## YOUR INSTRUCTIONS
What you return must match the records exactly, except that the pictures are gone.

## DATA PROVIDED

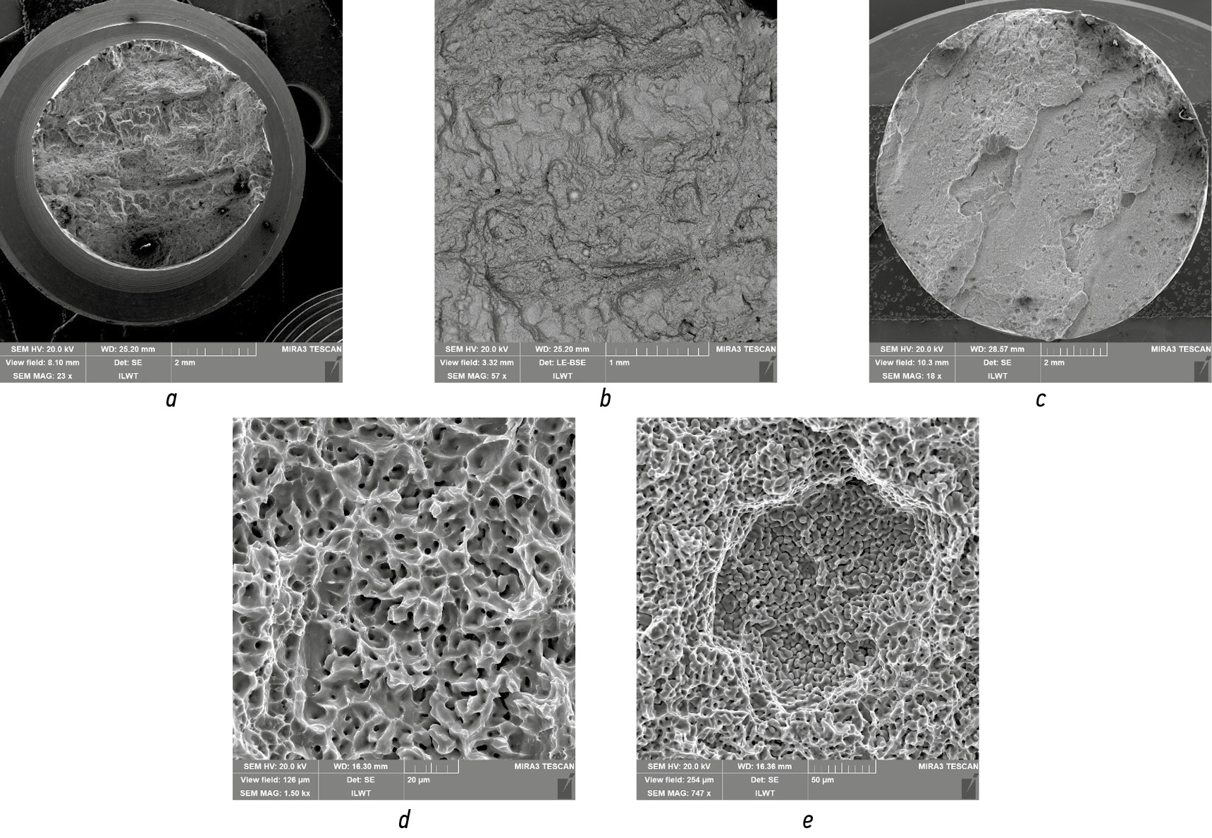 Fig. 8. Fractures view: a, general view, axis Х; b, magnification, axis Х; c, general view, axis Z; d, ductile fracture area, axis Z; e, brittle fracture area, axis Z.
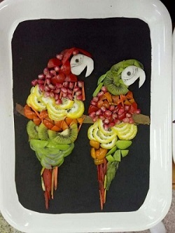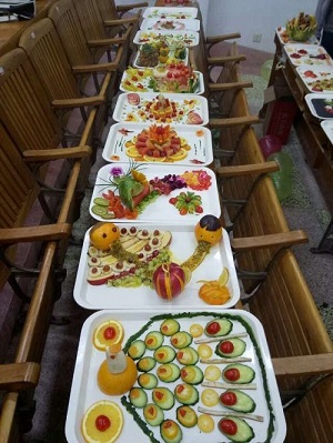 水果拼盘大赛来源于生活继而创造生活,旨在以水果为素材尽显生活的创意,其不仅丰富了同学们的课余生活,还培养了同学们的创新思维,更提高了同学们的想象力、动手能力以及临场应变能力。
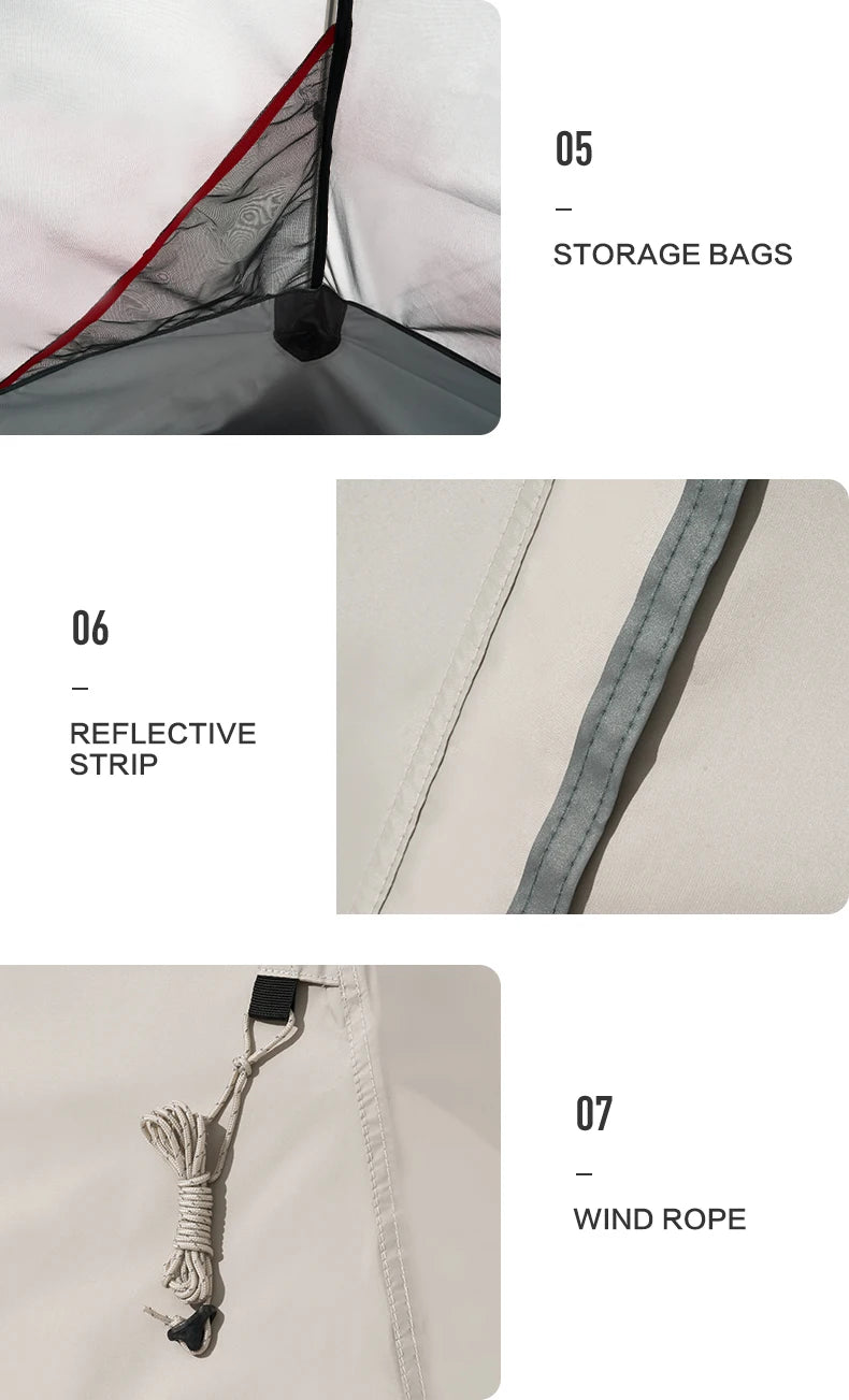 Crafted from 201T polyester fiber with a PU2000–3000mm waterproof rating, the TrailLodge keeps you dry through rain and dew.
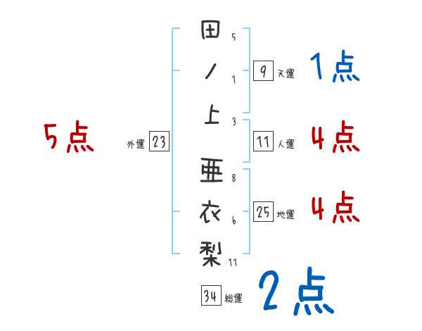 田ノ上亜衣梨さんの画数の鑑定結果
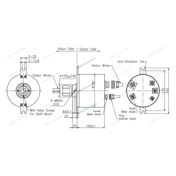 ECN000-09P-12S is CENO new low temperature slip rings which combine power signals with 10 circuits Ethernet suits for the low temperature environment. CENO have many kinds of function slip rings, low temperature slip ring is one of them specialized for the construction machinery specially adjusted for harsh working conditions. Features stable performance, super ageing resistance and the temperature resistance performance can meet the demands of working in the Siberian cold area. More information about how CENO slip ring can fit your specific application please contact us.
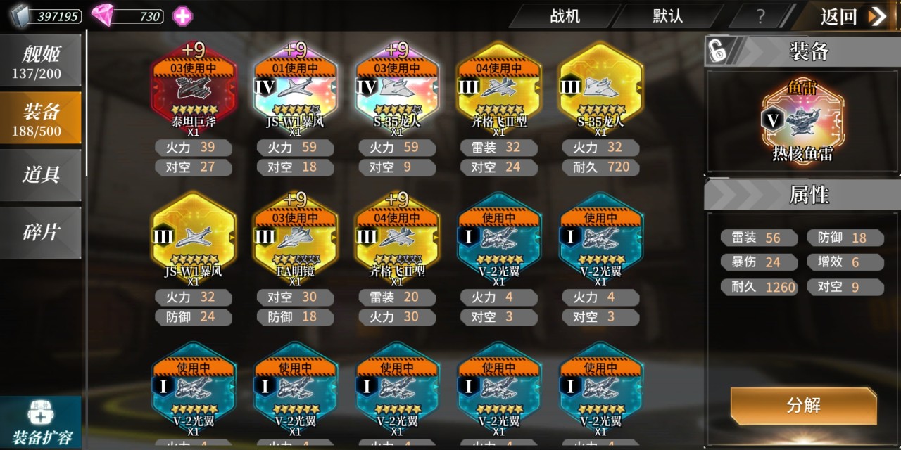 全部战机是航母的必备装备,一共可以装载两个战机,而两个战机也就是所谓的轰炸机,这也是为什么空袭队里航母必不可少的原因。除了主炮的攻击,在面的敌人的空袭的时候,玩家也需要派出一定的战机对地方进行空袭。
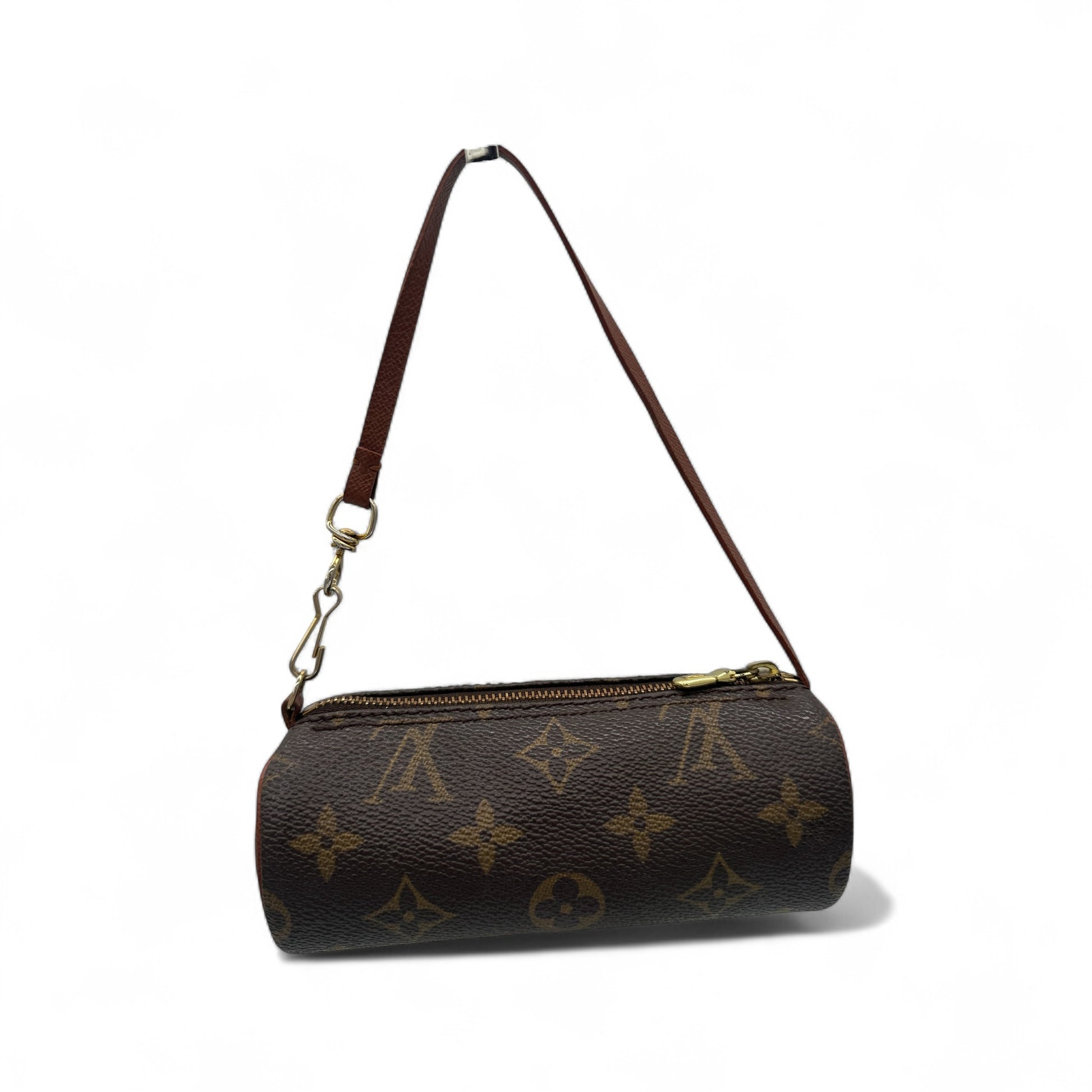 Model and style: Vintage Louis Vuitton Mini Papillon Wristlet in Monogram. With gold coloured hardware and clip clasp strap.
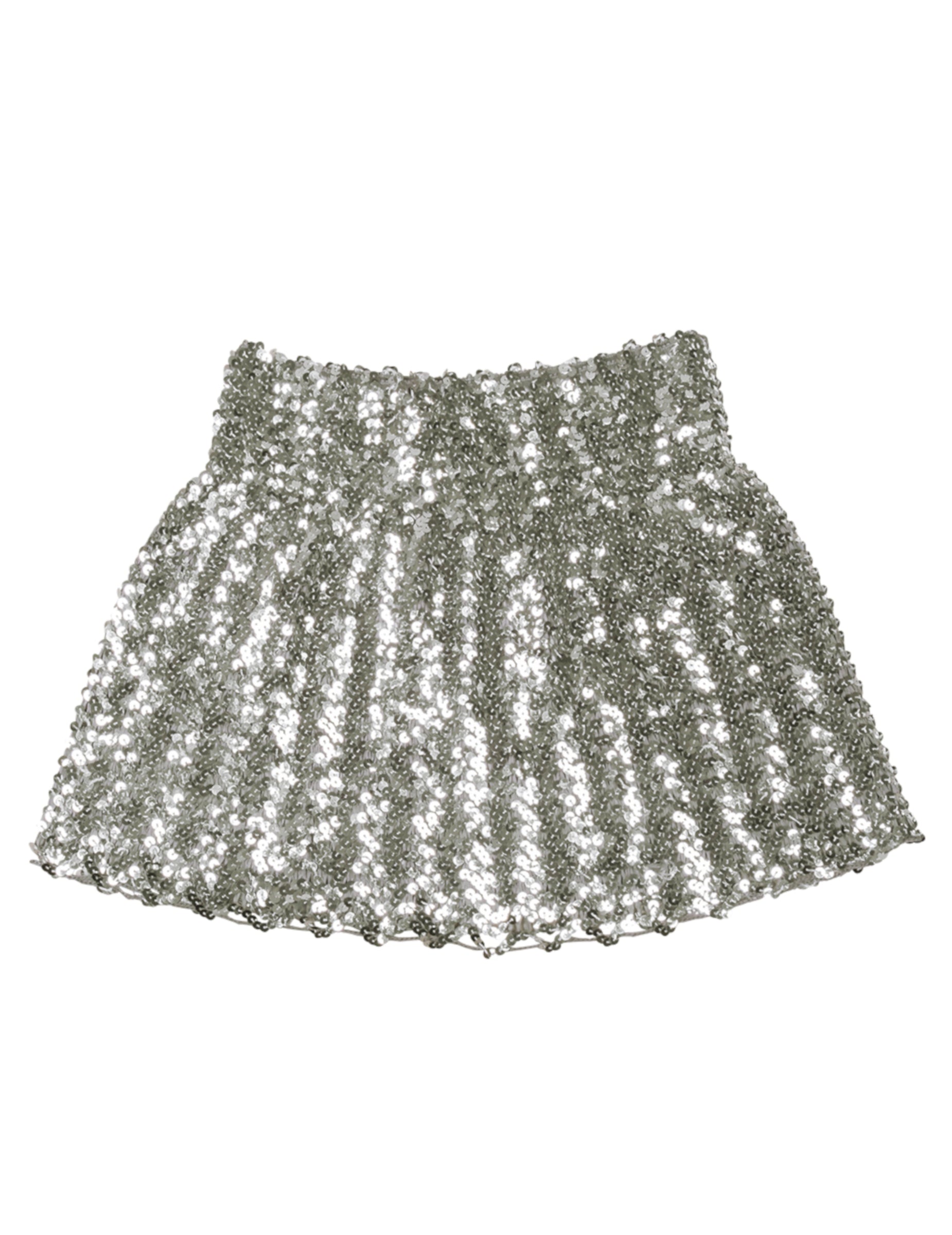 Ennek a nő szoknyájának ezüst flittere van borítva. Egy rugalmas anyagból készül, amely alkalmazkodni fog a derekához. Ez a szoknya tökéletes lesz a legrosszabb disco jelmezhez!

## ANSWER AREA
 Fig. 8. Fractures view: a, general view, axis Х; b, magnification, axis Х; c, general view, axis Z; d, ductile fracture area, axis Z; e, brittle fracture area, axis Z.
 水果拼盘大赛来源于生活继而创造生活,旨在以水果为素材尽显生活的创意,其不仅丰富了同学们的课余生活,还培养了同学们的创新思维,更提高了同学们的想象力、动手能力以及临场应变能力。
 Crafted from 201T polyester fiber with a PU2000–3000mm waterproof rating, the TrailLodge keeps you dry through rain and dew.
 田ノ上亜衣梨さんの画数の鑑定結果
 ECN000-09P-12S is CENO new low temperature slip rings which combine power signals with 10 circuits Ethernet suits for the low temperature environment. CENO have many kinds of function slip rings, low temperature slip ring is one of them specialized for the construction machinery specially adjusted for harsh working conditions. Features stable performance, super ageing resistance and the temperature resistance performance can meet the demands of working in the Siberian cold area. More information about how CENO slip ring can fit your specific application please contact us.
 全部战机是航母的必备装备,一共可以装载两个战机,而两个战机也就是所谓的轰炸机,这也是为什么空袭队里航母必不可少的原因。除了主炮的攻击,在面的敌人的空袭的时候,玩家也需要派出一定的战机对地方进行空袭。
 Model and style: Vintage Louis Vuitton Mini Papillon Wristlet in Monogram. With gold coloured hardware and clip clasp strap.
 Ennek a nő szoknyájának ezüst flittere van borítva. Egy rugalmas anyagból készül, amely alkalmazkodni fog a derekához. Ez a szoknya tökéletes lesz a legrosszabb disco jelmezhez!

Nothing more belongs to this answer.